[GIVEN DATA]
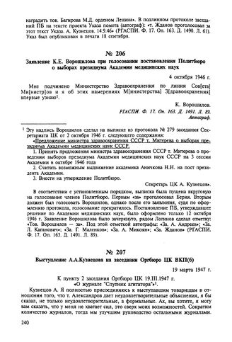 Заявление К.Е. Ворошилова при голосовании постановления Политбюро о выборах президиума Академии медицинских наук. 4 октября 1946 г.
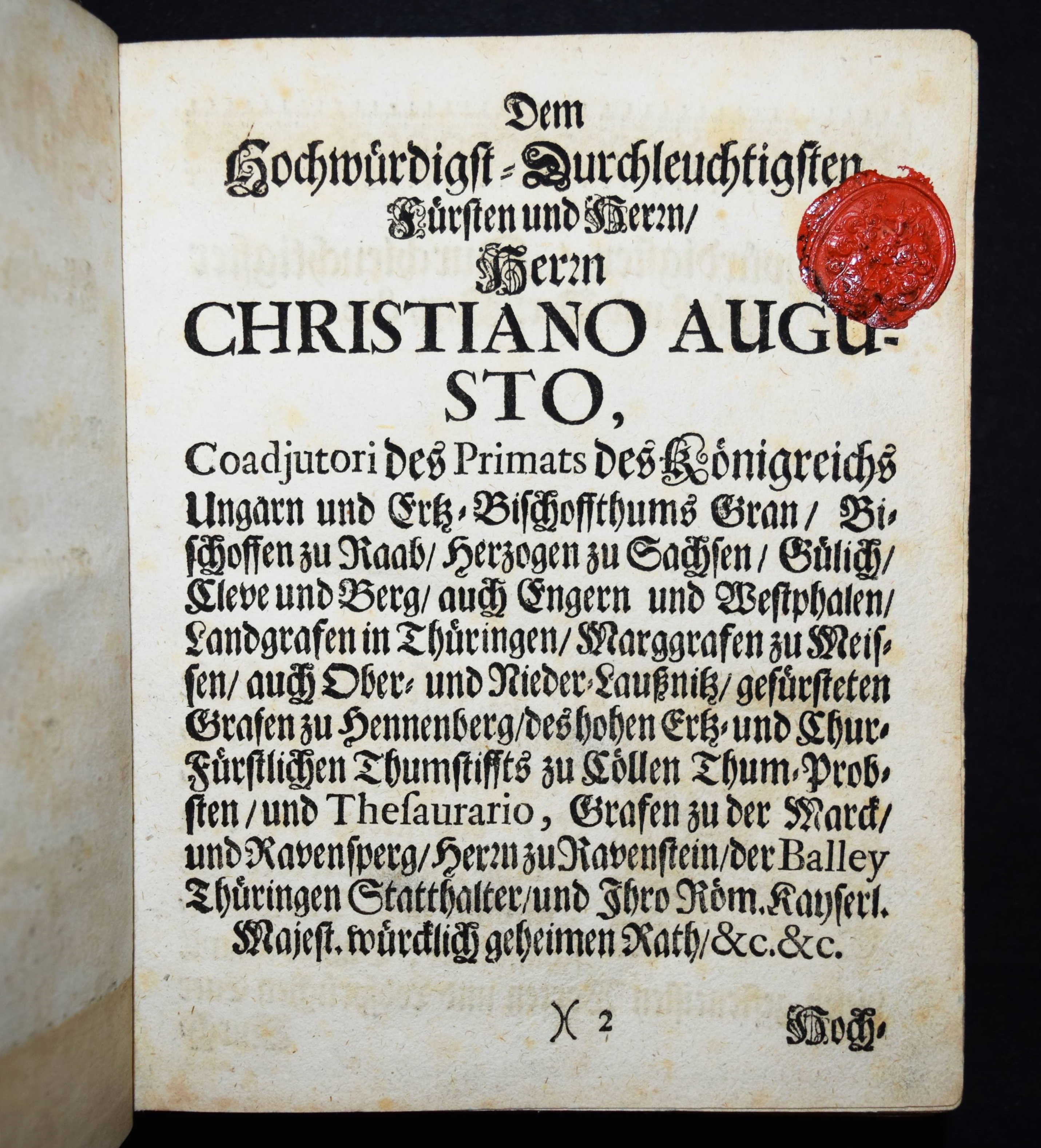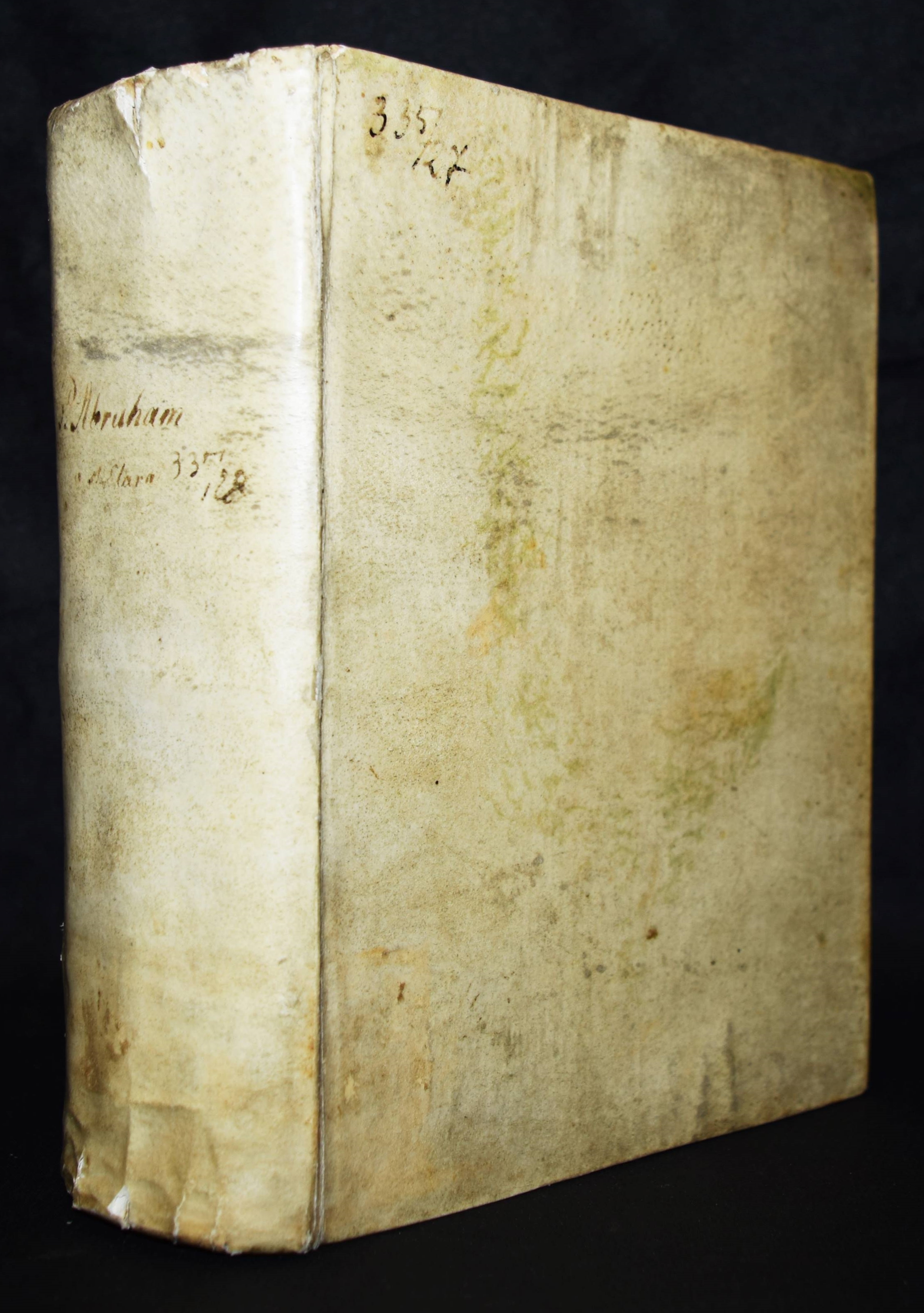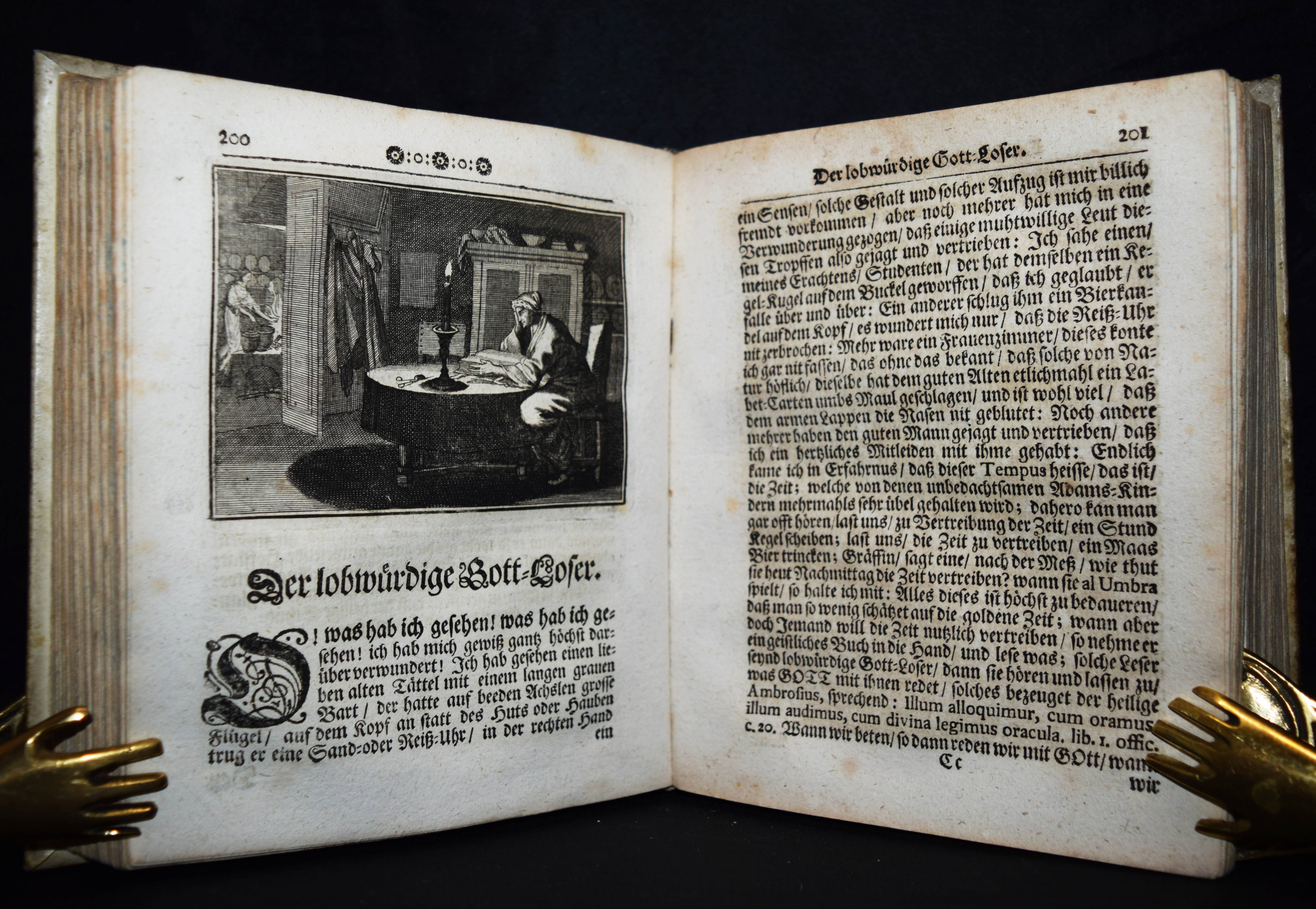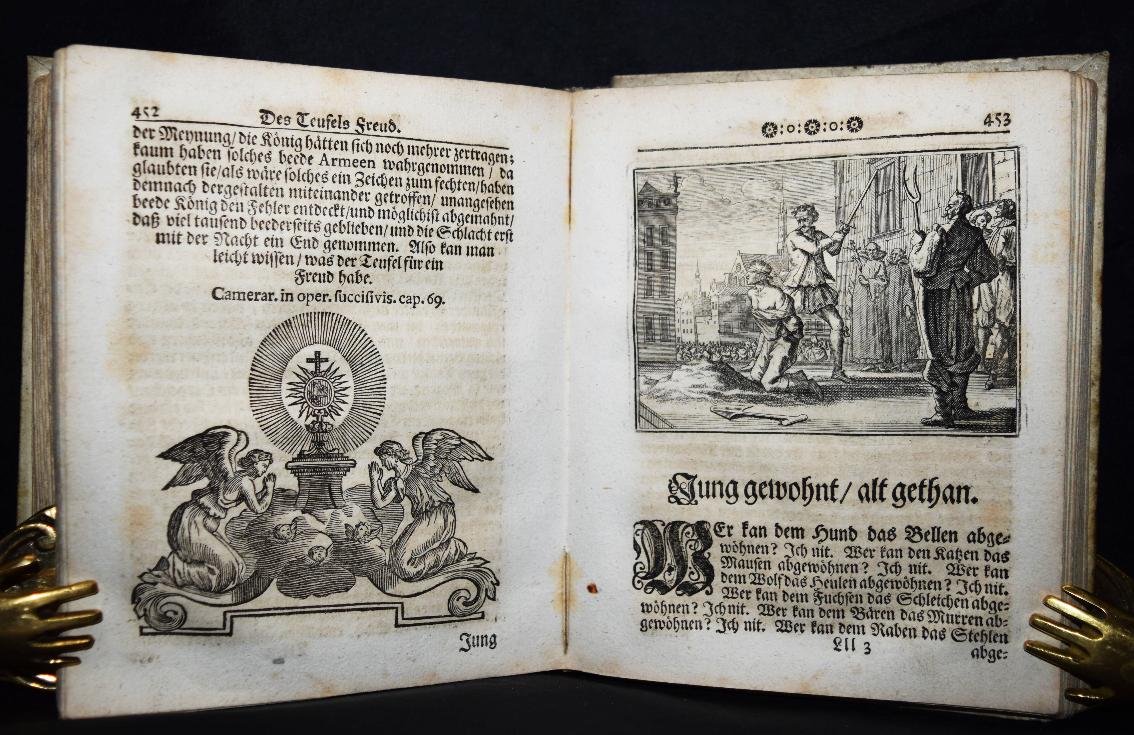Abraham à Sancta Clara (d. i. Ulrich Megerle). Heilsames Gemisch-Gemasch. Das ist: Allerley seltsame und verwunderliche Geschichten, Mit vielen Concepten und sittlichen Lehren unterspickt, wie auch mit Kupfern vermengt, Worinnen einem jedem nach eigenem Belieben ein Bescheid-Essen vorgesetzt, Meistens aber denenjenigen, so vorlieb nehmen mit einer Speiß, die weder gesotten, noch gebraten. Nürnberg, Christoph Weigel 1704. 8°. [6] Bl., 538 S., [4] Bl. mit Titel in Rot und Schwarz, gestoch. Frontispiz, 50 halbseitigen Kupferstichen von Christian Luyken und zahlr. Schmuck-Vignetten in Holzschnitt. Pergamenteinband der Zeit. Bertsche 46a 1. Dünnhaupt 43.2. Faber du Faur 1124. Goedeke III, 240, 24. Seebaß-Edelmann III, 16. VD18 14375931. – Erster Druck der ersten Ausgabe (S. 244 beginnt mit „tere“; beim zweiten Druck „Säck“); „Zu finden aber bey Jacob Koll, Buchbinder zu Wien, bey dem Stock am Eysen. Würzburg, gedruckt bey Hiob Hertzen“. – „To the stories offered, Abraham adds entertaining admonitions written in the tone of popular sermons … What he meant to provide was a devotional book, prious at the same time entertaning, indeed entrancing“ (Faber du Faur). – „Das Frontispiz ist unterschrieben „Die Wahrheit ohne Fuchs-Scepter“; es stellt eine ins Schreiben vertiefte Frau dar, an deren Seite ein kl. Kind einem Fuchs den Schwanz abschneidet. Die einzelnen Kapitel sind meist schon durch drastische Überschriften gekennzeichnet: Pfuy Teufel wie stinckts, Pagatell führt in die Höll, Das Tau förscht der Wauwau, Behüt mich Gott vor der alten Hexen, Gute Creditores seyd grosse Debitores, Das geistliche Kräuter-Buch, Rosimunda du hertziger Schatz, u. ä. Die figurenreichen Kupfer passen gut zum Text und zeichnen sich durch hübsche Landschaften und Durchblicke aus“ (Seebaß-Edelmann). – Einband etwas angestaubt und am Kapital leicht eingerissen, stellenweise etwas braunfleckig und gebräunt, sehr gutes Exemplar.
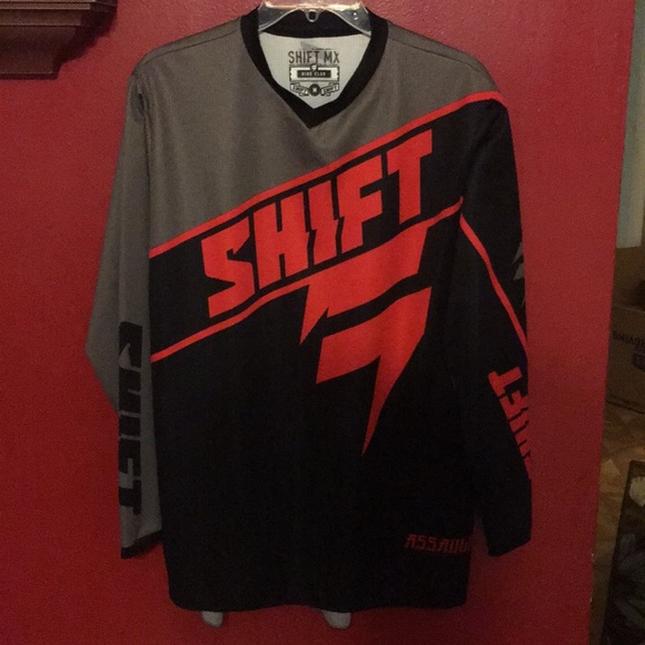 It is a shift assault racing jersey in good condition , their are some threads pulled but not a hole still a great jersey .
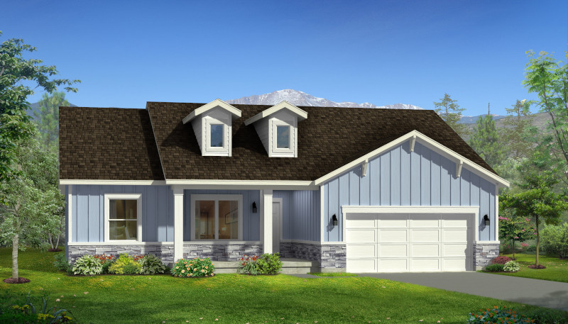 The Raleigh home plan is a three bedroom, two bath rambler that features a large laundry room on the main floor, walk-in pantry, open Entry and Family/Great Room, and a spacious walk-in closet in the master suite. The tandem 3rd car garage is large enough to store a boat or ATVs.

[TASK PROMPT]
The lines from the one containing "It is a shift" through the end of the data above are to be copied exactly, both ends included, and pictures are to be omitted.

[RESULT OF THIS TASK]
 It is a shift assault racing jersey in good condition , their are some threads pulled but not a hole still a great jersey .
 The Raleigh home plan is a three bedroom, two bath rambler that features a large laundry room on the main floor, walk-in pantry, open Entry and Family/Great Room, and a spacious walk-in closet in the master suite. The tandem 3rd car garage is large enough to store a boat or ATVs.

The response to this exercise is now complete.